Note that the matrix may contain entries for residue types not used by STRUPRO (e.g., "X", "B", "Z", "*"); the program will ignore these.


5.5 Cut-off distance and frameshifts

You are to provide a cut-off distance (in Å) for CA atoms of different molecules to be considered equivalent. If this number is very high, frameshifts may occur in the structural alignments, although the program can be instructed to try and correct for these. Another cut-off distance determines how bits of equivalent structure are extended at their ends.

      
 ----- EXAMPLE ----- EXAMPLE ----- EXAMPLE ----- EXAMPLE ----- EXAMPLE -----
 Equivalent CA distance ? (   5.000)
 Equivalent CA distance : (   5.000)

Extension CA distance ? ( 8.000) Extension CA distance : ( 8.000)
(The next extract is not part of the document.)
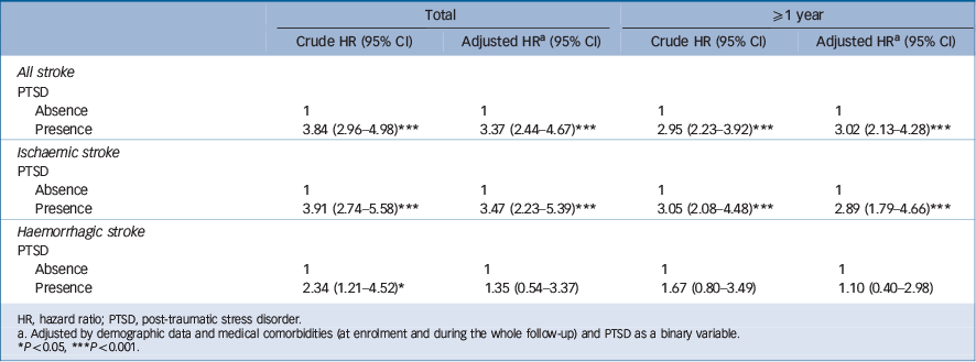No previous study had investigated the relationship between PTSD and subsequent haemorrhagic stroke, and the risk of such stroke among patients with PTSD was still unknown. In our study, the crude hazard ratio of haemorrhagic stroke among patients with PTSD was statistically significant, but this significance disappeared after adjusting for medical comorbidities. It may indicate that the association between PTSD and haemorrhagic stroke was indirectly due to other medical comorbidities, such as hypertension and head injury. However, further studies would be required to elucidate this possible association between PTSD and haemorrhagic stroke.
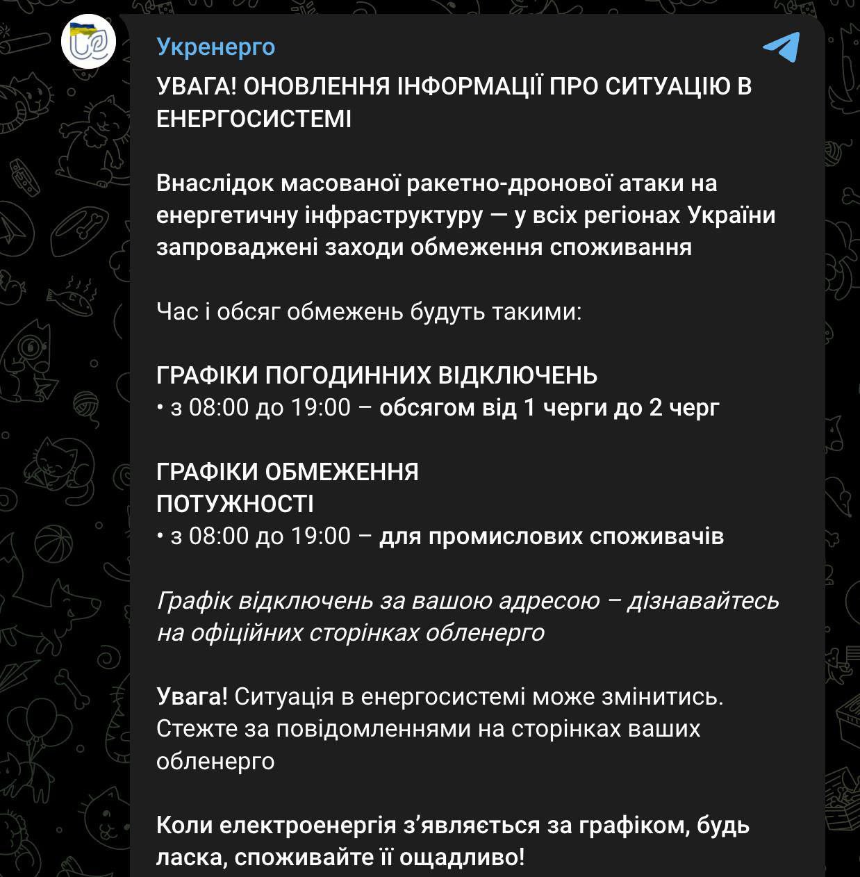Укренерго: Во всех регионах Украины введены графики отключений света с 08:00 до 19:00 — от 1 очереди до 2 очередей.

Try to correct frame-shifts (Y/N) ? (Y) Try to correct frame-shifts (Y/N) : (Y) ----- EXAMPLE ----- EXAMPLE ----- EXAMPLE ----- EXAMPLE ----- EXAMPLE -----


5.6 Minimum fragment length

Only structurally conserved, sequential stretches of a certain minimum length will be used in the profile (they must be at least 3 residues for the RMSD calculations to work).

      
 ----- EXAMPLE ----- EXAMPLE ----- EXAMPLE ----- EXAMPLE ----- EXAMPLE -----
 Min fragment length ? (       5)
 Min fragment length : (       5)
 ----- EXAMPLE ----- EXAMPLE ----- EXAMPLE ----- EXAMPLE ----- EXAMPLE -----
   


5.7 Sequence weighting

Appropriate weighting of the various structures/sequences is important to minimise bias in the profile (e.g., five different structures of the same human protein and only one of an insect form of the protein will bias the profile towards human sequences). The following weights can be used:

- uniform weights, i.e. all weights equal; this is not advisable

- rms(rmsd) weights, i.e. based on the structural variation; this is probably not very useful since it may be determined to a certain extent by practices of the crystallographer ;-)

- sequence distance weights, as defined by Sibbald and Argos; this is probably the most sensible choice (in this implementation, the number of "Monte Carlo" cycles executed lies between 100,000 and 1,000,000, or fewer if the weights converge to within 1%)

      
 ----- EXAMPLE ----- EXAMPLE ----- EXAMPLE ----- EXAMPLE ----- EXAMPLE -----
 Sequences may be weighted:
 U = uniform weights
 R = rms(rmsd) weights
 S = sequence distance weights
 Weighting scheme ? (S)
 Weighting scheme : (S)
 ----- EXAMPLE ----- EXAMPLE ----- EXAMPLE ----- EXAMPLE ----- EXAMPLE -----
   


5.8 PDB and profile files

Provide the name of the PDB file which contains ALL molecules. Note that the molecules must have been superimposed previously (e.g., with O or LSQMAN; LSQMAN contains a BRute_force command to find structural alignments "ab initio"). Any two subsequent molecules in the file must have different chain identifiers. However, not all identifiers have to be unique (which would otherwise limit you to a maximum of 26 molecules), e.g. you could alternate chain identifiers A and B. Note that the program *ONLY* reads the CA atoms, so you can make your files considerably smaller by only including these (e.g.: grep ^ATOM myfile.pdb | grep ' CA ' > new.pdb).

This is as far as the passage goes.